Your reply must contain the lines from the one with "本套餐厅装饰的整体效果可以带" through the last line of the material, exact and complete, with no pictures and no other text.

— DATA SEGMENT —
■ ■ ■ ■
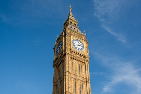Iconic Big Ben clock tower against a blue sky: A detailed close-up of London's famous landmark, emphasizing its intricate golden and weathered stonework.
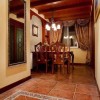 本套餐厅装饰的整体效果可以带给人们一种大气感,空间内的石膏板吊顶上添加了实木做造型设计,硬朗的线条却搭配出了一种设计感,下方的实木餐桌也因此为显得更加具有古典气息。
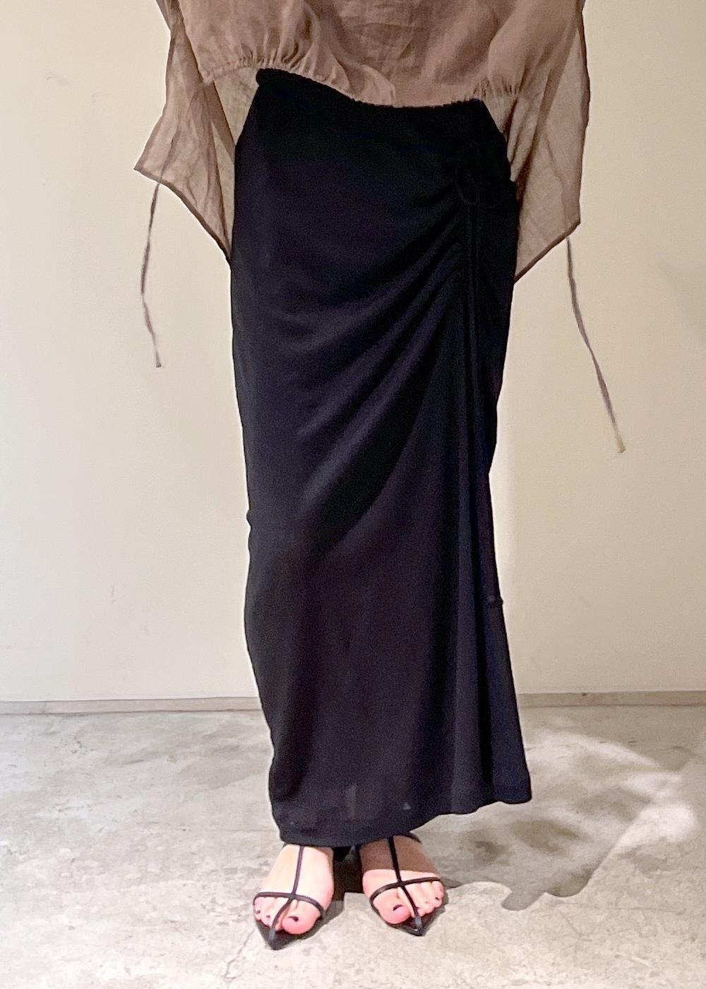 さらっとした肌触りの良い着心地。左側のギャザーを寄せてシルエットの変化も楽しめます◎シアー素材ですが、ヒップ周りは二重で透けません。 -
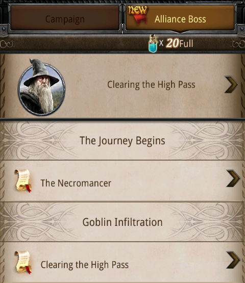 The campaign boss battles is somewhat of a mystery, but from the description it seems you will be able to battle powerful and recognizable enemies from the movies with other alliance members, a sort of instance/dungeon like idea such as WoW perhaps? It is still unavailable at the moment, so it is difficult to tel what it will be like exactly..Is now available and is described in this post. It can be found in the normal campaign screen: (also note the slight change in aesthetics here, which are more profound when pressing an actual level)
■ ■ ■ ■
— RESPONSE AREA —
 本套餐厅装饰的整体效果可以带给人们一种大气感,空间内的石膏板吊顶上添加了实木做造型设计,硬朗的线条却搭配出了一种设计感,下方的实木餐桌也因此为显得更加具有古典气息。
 さらっとした肌触りの良い着心地。左側のギャザーを寄せてシルエットの変化も楽しめます◎シアー素材ですが、ヒップ周りは二重で透けません。 -
 The campaign boss battles is somewhat of a mystery, but from the description it seems you will be able to battle powerful and recognizable enemies from the movies with other alliance members, a sort of instance/dungeon like idea such as WoW perhaps? It is still unavailable at the moment, so it is difficult to tel what it will be like exactly..Is now available and is described in this post. It can be found in the normal campaign screen: (also note the slight change in aesthetics here, which are more profound when pressing an actual level)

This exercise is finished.